Danger Will Robinson
Remember "Lost in Space"? The youngest Robinson, Will, was always going off on his own with his friend "Robby the Robot" to explore the various places their ship landed. Robot could sense danger and would suddenly break into a chorus of "Danger Will Robinson, Danger Will Robinson" with his according arms waving madly around when ever young Will got into trouble with local species.
My son does not have a robot to follow him around and keep him out of touble, but one NYC Mom thinks that maybe parents have become the robot. She recently let her 9yr old son find his way home from Bloomingdales. She writes:
My wife and I have recently begun to let our 9yr old ride his bike to the library. It is a 1/2 mile from our house, but we had been resistant to letting him go for all the various reasons. This little sliver of freedom has in some ways made him a little less "little boy". Which ultimately is a good thing, although Mom may disagree!I left my 9-year-old at Bloomingdale’s (the original one) a couple weeks ago. Last seen, he was in first floor handbags as I sashayed out the door.
Bye-bye! Have fun!
And he did. He came home on the subway and bus by himself.

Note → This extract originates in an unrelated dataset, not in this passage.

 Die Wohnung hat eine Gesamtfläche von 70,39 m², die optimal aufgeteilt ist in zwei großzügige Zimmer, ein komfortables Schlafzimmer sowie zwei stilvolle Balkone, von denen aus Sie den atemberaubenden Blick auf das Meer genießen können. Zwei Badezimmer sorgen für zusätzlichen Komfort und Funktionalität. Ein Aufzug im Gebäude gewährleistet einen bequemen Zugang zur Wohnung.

Was I worried? Yes, a tinge. But it didn’t strike me as that daring, either. Isn’t New York as safe now as it was in 1963? It’s not like we’re living in downtown Baghdad.

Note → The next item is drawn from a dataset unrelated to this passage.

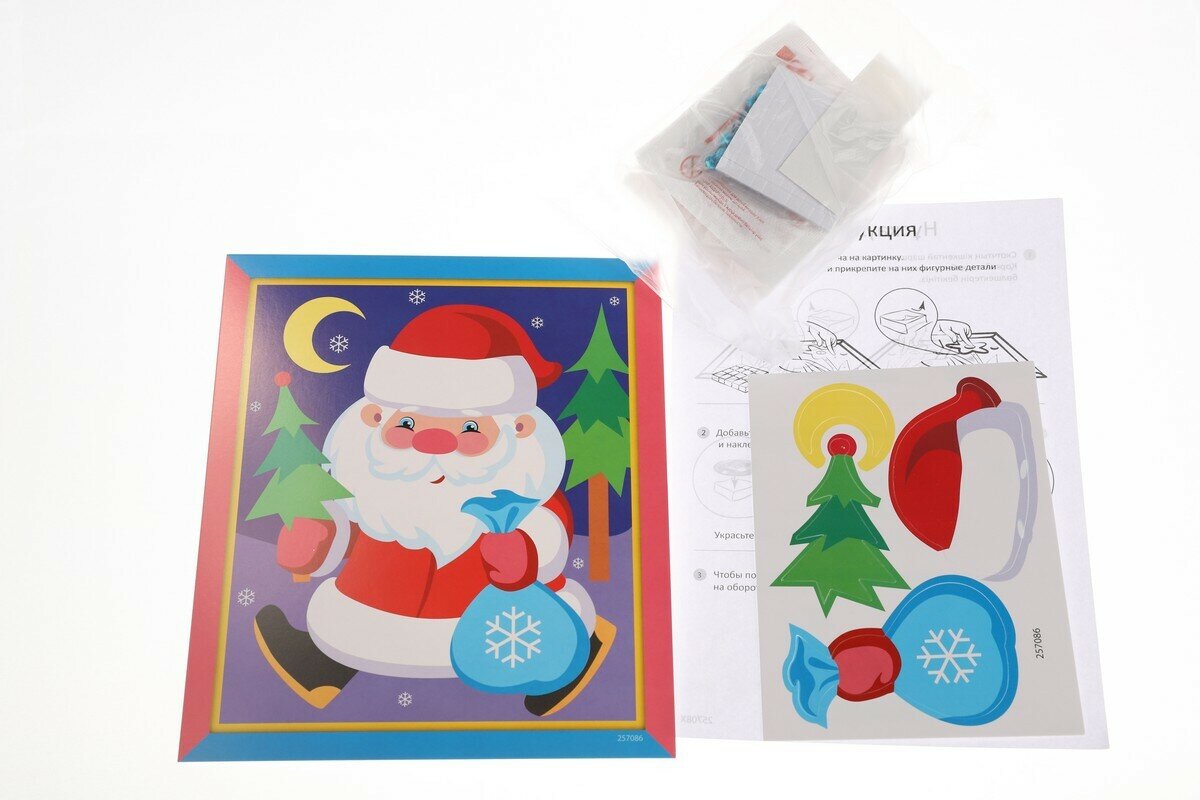 Коробочка пришла помятая, если бы на подарок, то не подошло бы. Для детей с 3- 4 до 5-6 лет. Картонка-картина размером 16 на 20 см. Сама апликация яркая, дед Мороз симпатичный, пайеток 5 цветов, довольно много каждого цвета. Можно поукрашать -пофантазировать в новогодние праздники. Но чего -то особо оригинального от этого набора ожидать не стоит.

Anyway, for weeks my boy had been begging for me to please leave him somewhere, anywhere, and let him try to figure out how to get home on his own. So on that sunny Sunday I gave him a subway map, a MetroCard, a $20 bill, and several quarters, just in case he had to make a call.
No, I did not give him a cell phone. Didn’t want to lose it. And no, I didn’t trail him, like a mommy private eye. I trusted him to figure out that he should take the Lexington Avenue subway down, and the 34th Street crosstown bus home. If he couldn’t do that, I trusted him to ask a stranger. And then I even trusted that stranger not to think, “Gee, I was about to catch my train home, but now I think I’ll abduct this adorable child instead.”

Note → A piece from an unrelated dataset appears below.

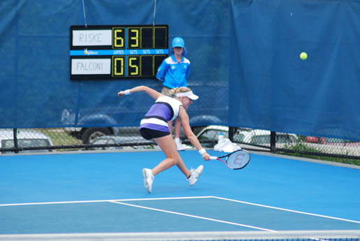 Alison Riske returning a hit from Irina Falconi. Credit: Kaytie Olsen

Long story short: My son got home, ecstatic with independence.
Long story longer, and analyzed, to boot: Half the people I’ve told this episode to now want to turn me in for child abuse. As if keeping kids under lock and key and helmet and cell phone and nanny and surveillance is the right way to rear kids. It’s not. It’s debilitating — for us and for them.

Actually I would agree that it has been a rite of passage of sorts for our son. He has stood up a little taller and been a little more confident. I was nervous about letting him go but the reality is it was good for both of us!